Да разве ж можно что-то понять, если уже понимать станет некому? И как, простите за вопрос, бродить по этой лаве? Плыть что ли? Реки лавы и никаких привилегий!
– Дьявол, ы-ы-ы-ы, сам бы побегал тут, по реченьке твоей горючей! – ругаясь, но не громко, простонала Манька. – Не человеческое же у тебя условие! Как копать – так я, как куда сходить – я, как хоронить – я, нечисть рубить – и тут я, чертям вольную добыть… Ну чем я тебе не угодила, благородный труженик адовых порядков? Модно себя хвалить…
Видимо там, в Утопии, все спали, поговорить было не с кем – Дьявол откликнулся сразу.
– Манька, иду я по своему саду, слышу, вопиет ко мне комар, который прежде срока в землю мою пришел. Неумно ходить туда, не зная куда, за тем, не зная зачем, – услышала она насмешливый, до боли знакомый голос. – Перспектив у тебя никаких, ну хоть сейчас сдаешься?
– Ты мне сам саван сошьешь, али по старой дружбе Борзеевича просим? – пристыдила она его. – Вижу же, что земля под ногами, а как ступить не знаю. Ведь как-то же они живут… Значит, есть земля. Черти… там, в избе… тоже не в воздухе летали. К земле привязаны, разве не так?
– Мертвец одно, а живой человек другое. Прежде срока в Аду не покалечит себя человек. Ад – это круто! А если линию судьбы перечеркнет мертвечина, тогда смерть. Но здесь одна она: вызов брошу, и пойдешь на смерть. А пока ходи буквой Закона. Восьмью глазами разве не найдешь куда ступить? И перестань смешить! Ты – красная глина, которая была когда-то мной. Что с ней станет? Оживешь – будешь жить, нет, закончу начатое. А как назад соберешься, кликни черта. Ты его вернула, и он тебя вернет. А я пока Борзеевичу привет кину… от вашего дому в звонную думу!

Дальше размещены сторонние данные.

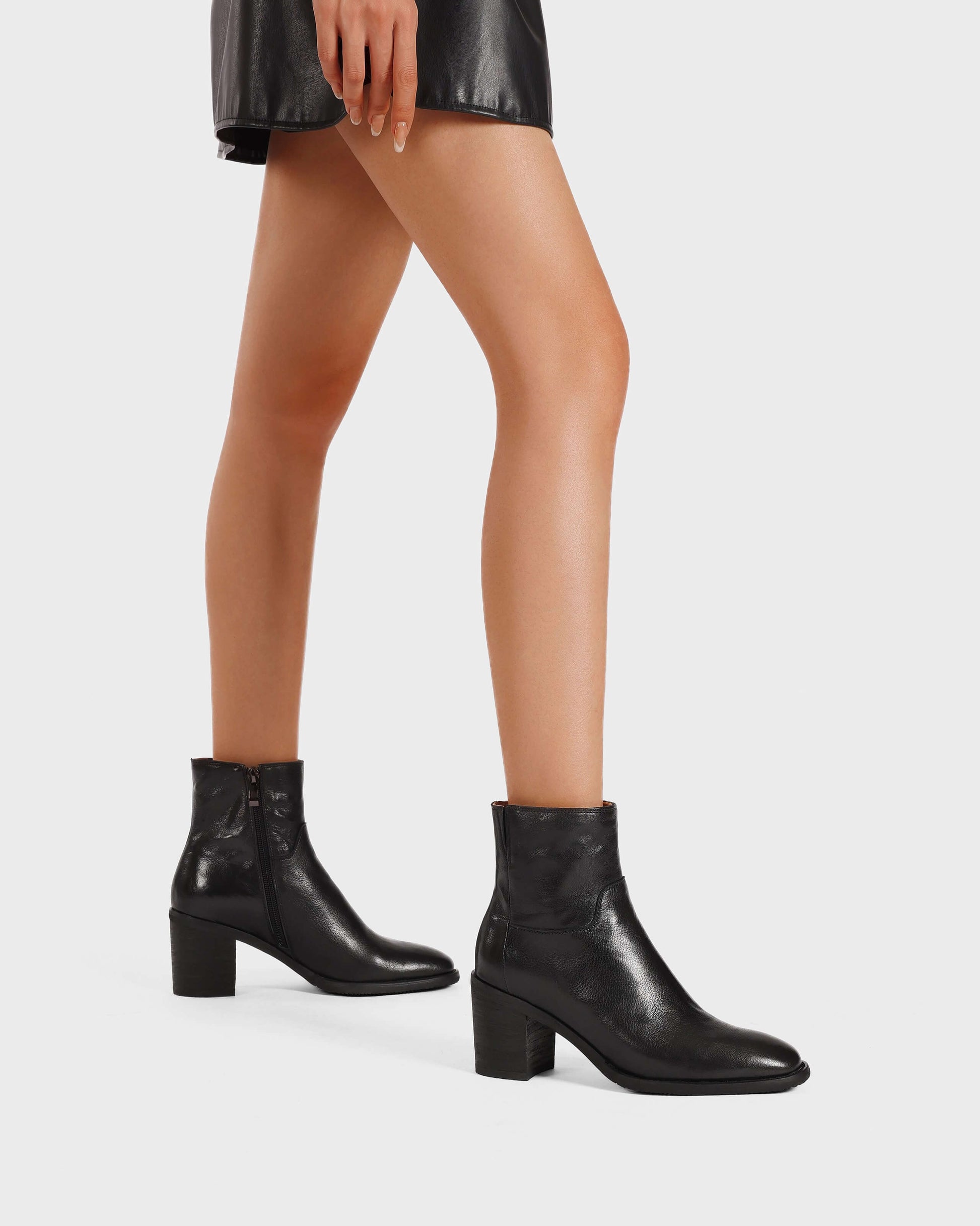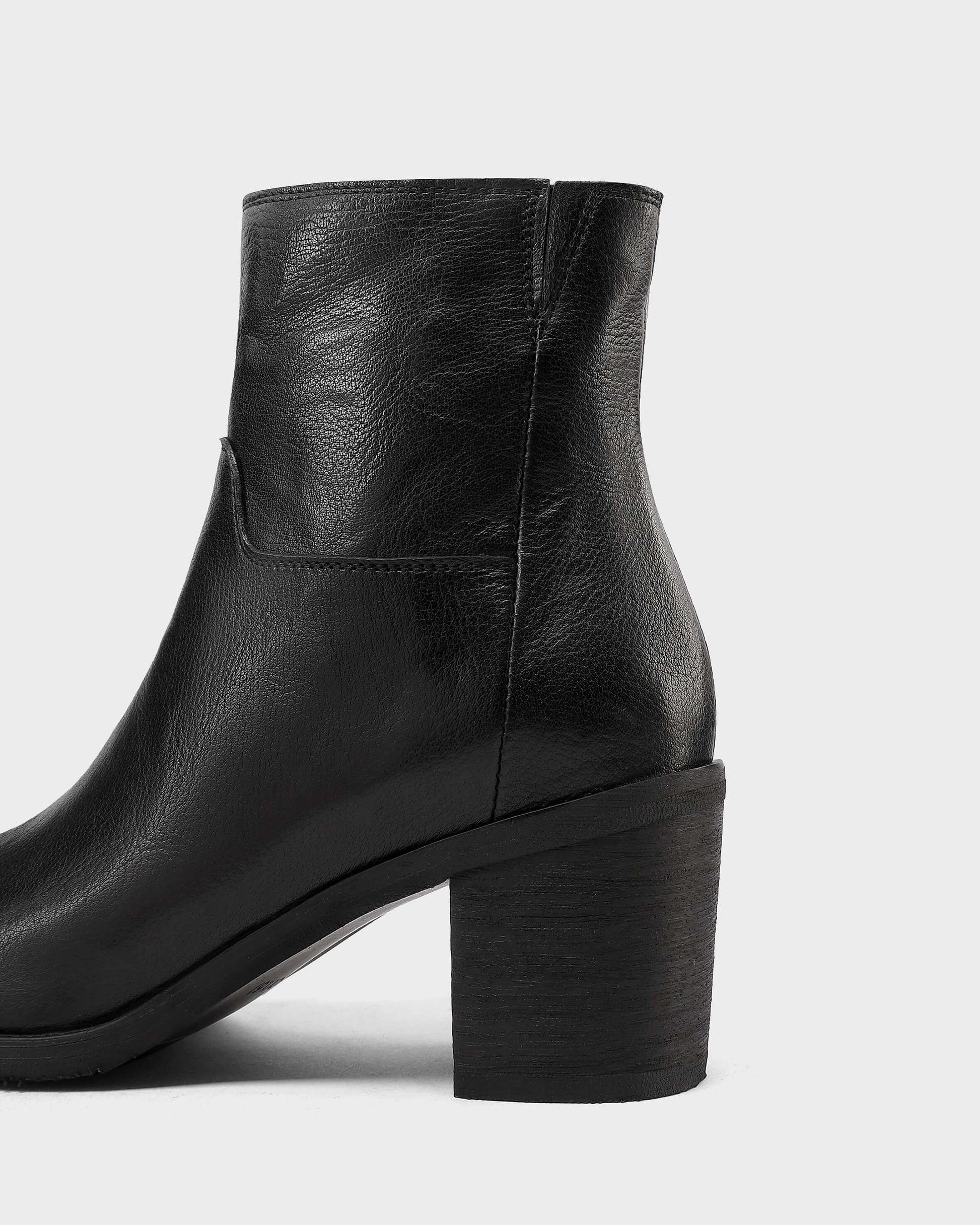Puntera redonda, tacón en bloque, cremallera lateral para cierre.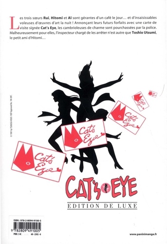 Les trois soeurs Rui, Hitomi et Aï sont gérantes d'un café le jour... et d'insaisissables voleuses d'oeuvres d'art la nuit ! Annonçant leurs futurs forfaits avec une carte de visite signée Cat's Eye, les cambrioleuses de charme sont pourchassées par la police. Malheureusement pour elles, l'inspecteur chargé de les arrêter n'est autre que Toshio Utsumi, le petit ami d'Hitomi...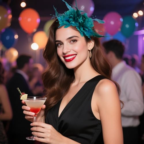 Pistha Womens Fascinators Hats Tea Party Hats for Women, Feather Pearl Veil Headband for Wedding Cocktail Dresses Accessories, Lake Blue, One Size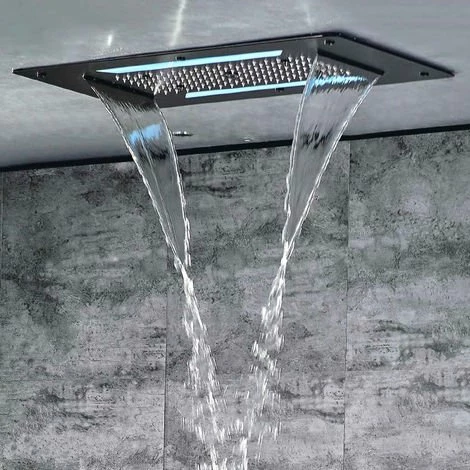 Douche de tête noire grand design pour une installation encastrée en acier inoxydable de haute qualité.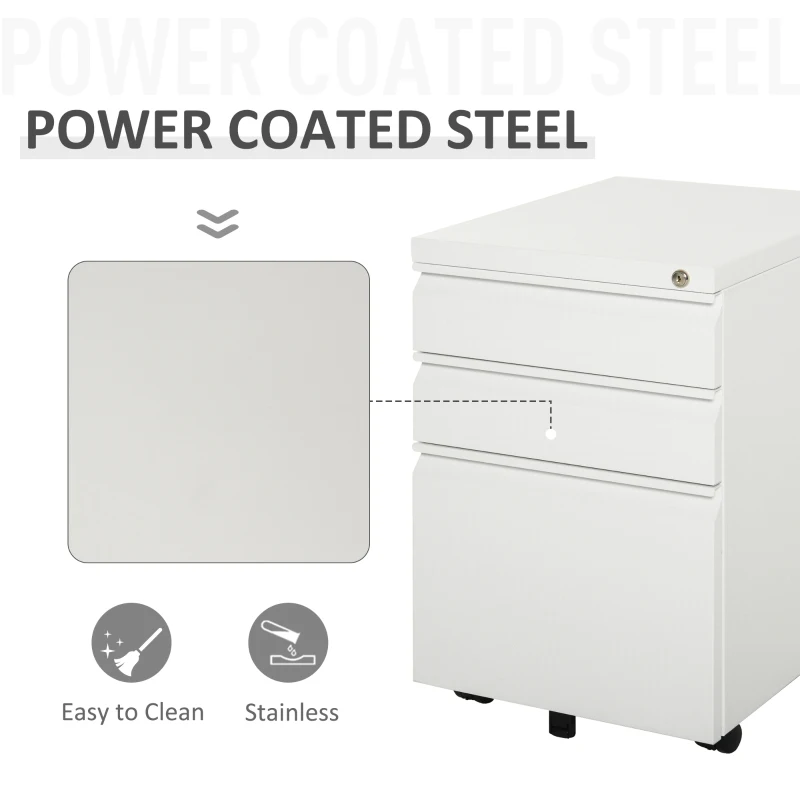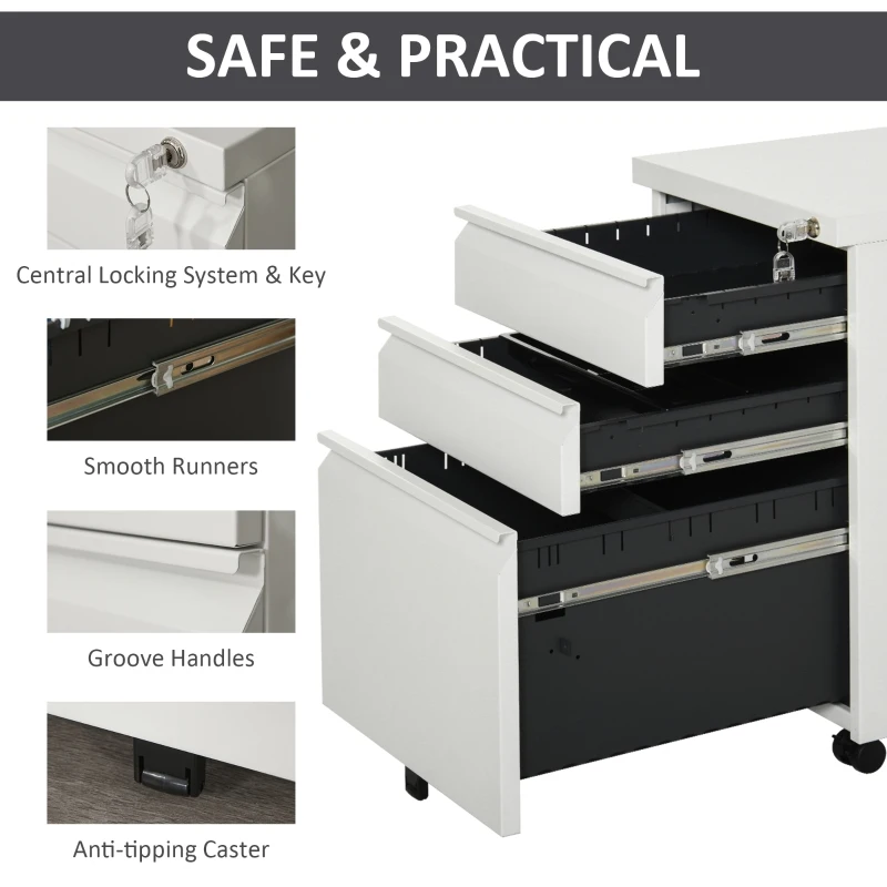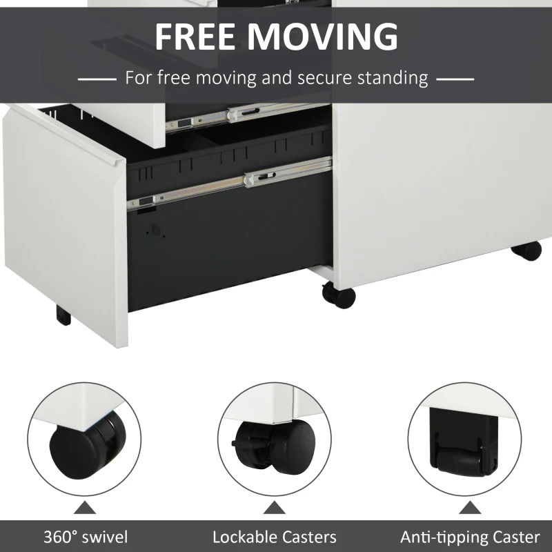 Vinsetto 3 Drawer Filling Cabinet, Mobile Metal File Cabinet with Anti-tilt Design for Letter, A4, Legal Size, White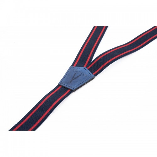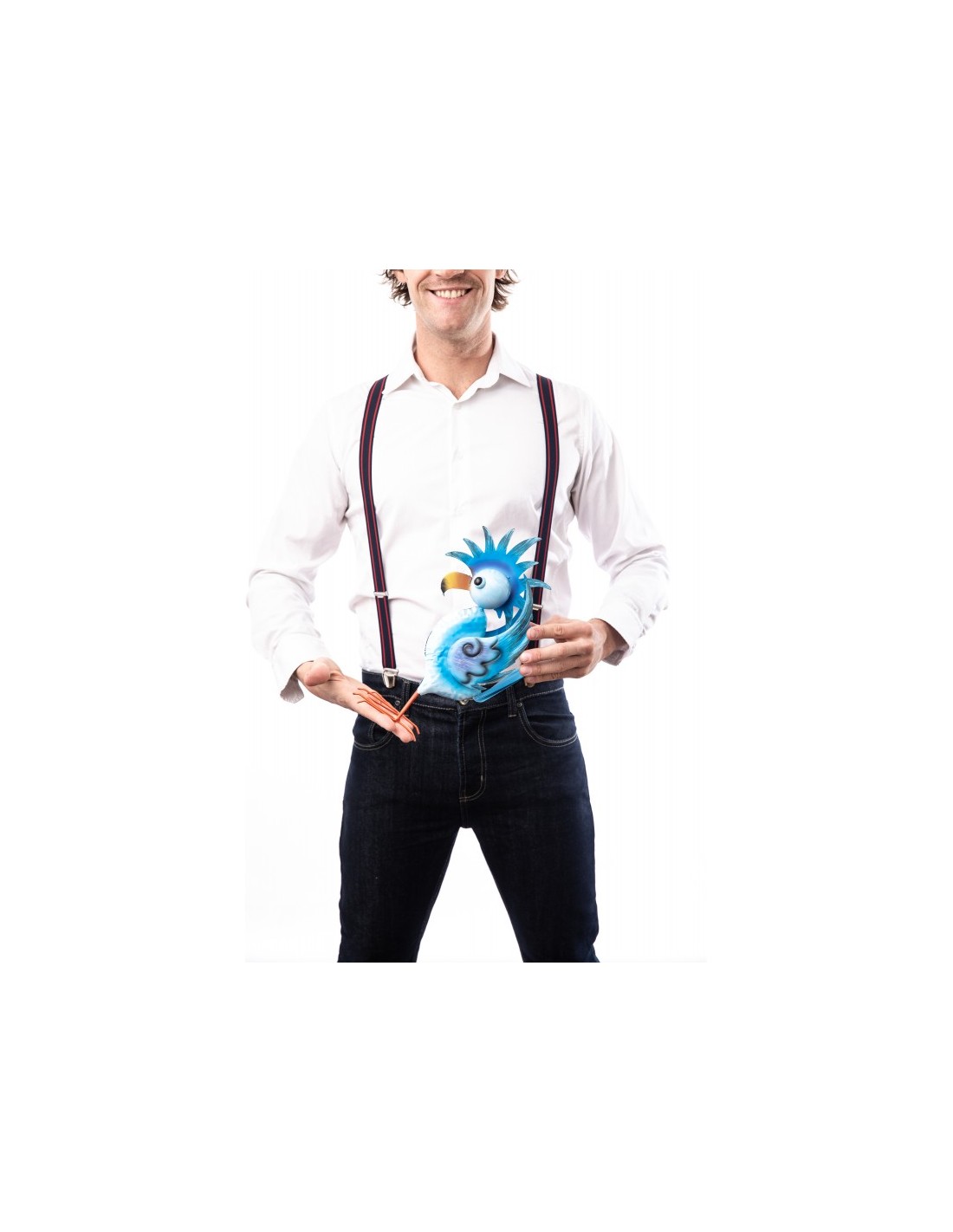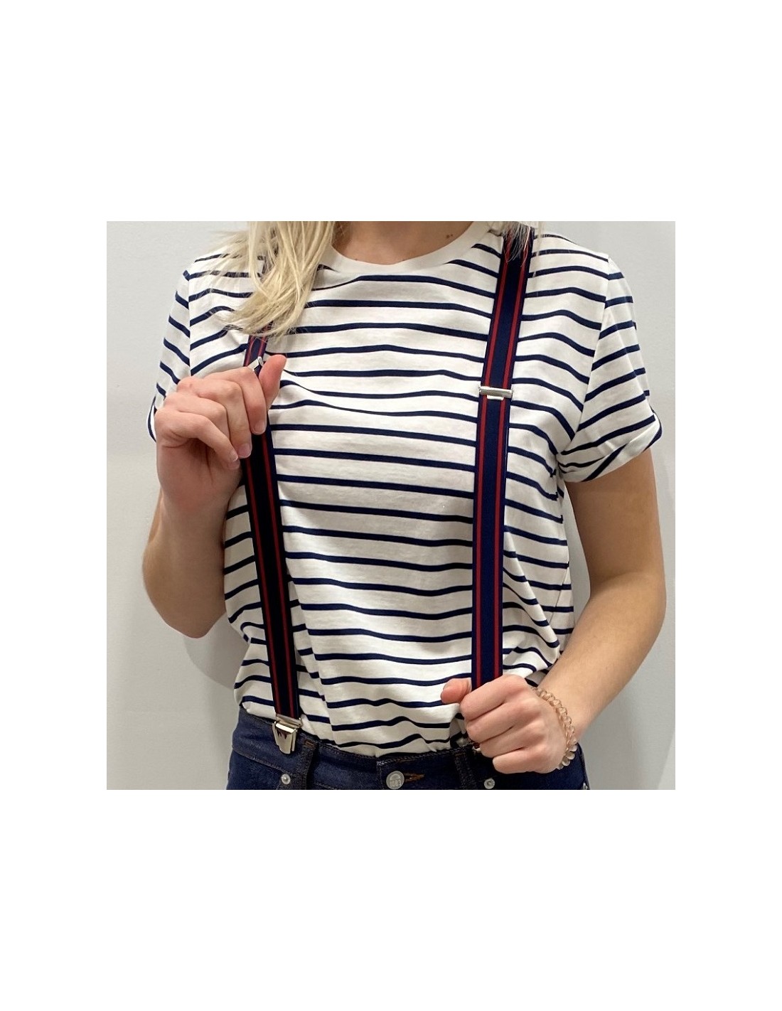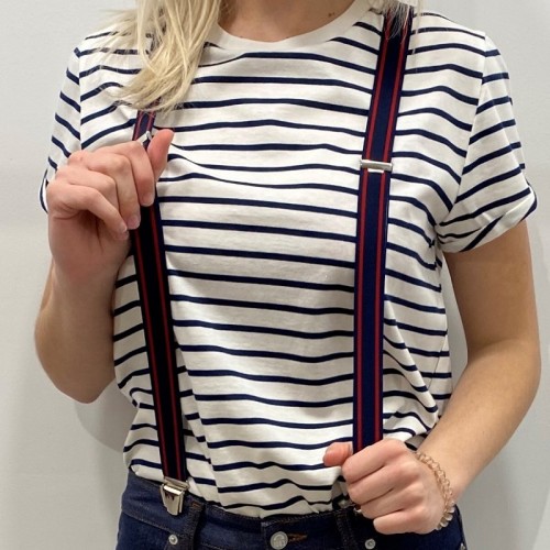Ces bretelles bleues et rouges sont à porter sur une chemise blanche, et avec un pantalon noir ou un petit bermuda beige selon la saison.

– А где мне искать нетопырей, людей и окаянных? – крикнула Манька смелее.
– Везде где ты! Растопырь уши, раскрой глаза пошире. Чем бы брачная контора была, если бы не соединяла женихов и невест? Я на работе, Манька, мне тут половником стучать не пристало! Там, внизу, земля тебе показывает меня, а тут мы над землей.
И голос исчез – просто, исчез! Господь прошел мимо по своему Саду. Ну, хоть голосок его чем-то ее порадовал! Значит, не умрет.
Манька с ужасом воззрилась на лаву, которая плыла мимо и плескалась у ног. Не было Сада-Утопии, была одна лава и камень.
Необыкновенное чувство – страх!
Где испытала бы она боль, если не в этом райском Судилище?
«Так, меня никто не судит … пока… это репетиция, – прошептала она, зажмуриваясь и крепко стискивая зубы. – Поверь в себя! Поверь в себя! Видел бы меня Борзеевич! – дышать стало еще тяжелее. – Крест на мне?! Оберег! Зуб мудрости! Я – красная глина! Что мне сера, что мне зной, что мне … камень не пробивной, когда пришла костлявая за мной!!!»
Она, наконец, решилась и вдохнула сернистый воздух полной грудью.
Вздохнула так, как на земле. И на выдохе вылетел такой столб пламени, что не удержалась и упала мягким местом по пояс в самую лаву.
Раскрыла глаза, рассматривая себя.
Вообще было не так болезненно, как ожидала. Никаким рассудком понять это было невозможно, но факт оставался фактом. Ее попа и прочие места, погруженные в жидкий каменный поток, раскаленный до миллионных градусов, оставались невредимые. Жгло, жжение проникало вовнутрь, сразу же запахло шашлыком, но в избе, когда она выносила покойников из огня, когда у нее обугливались конечности и слазила кожа, было много больнее.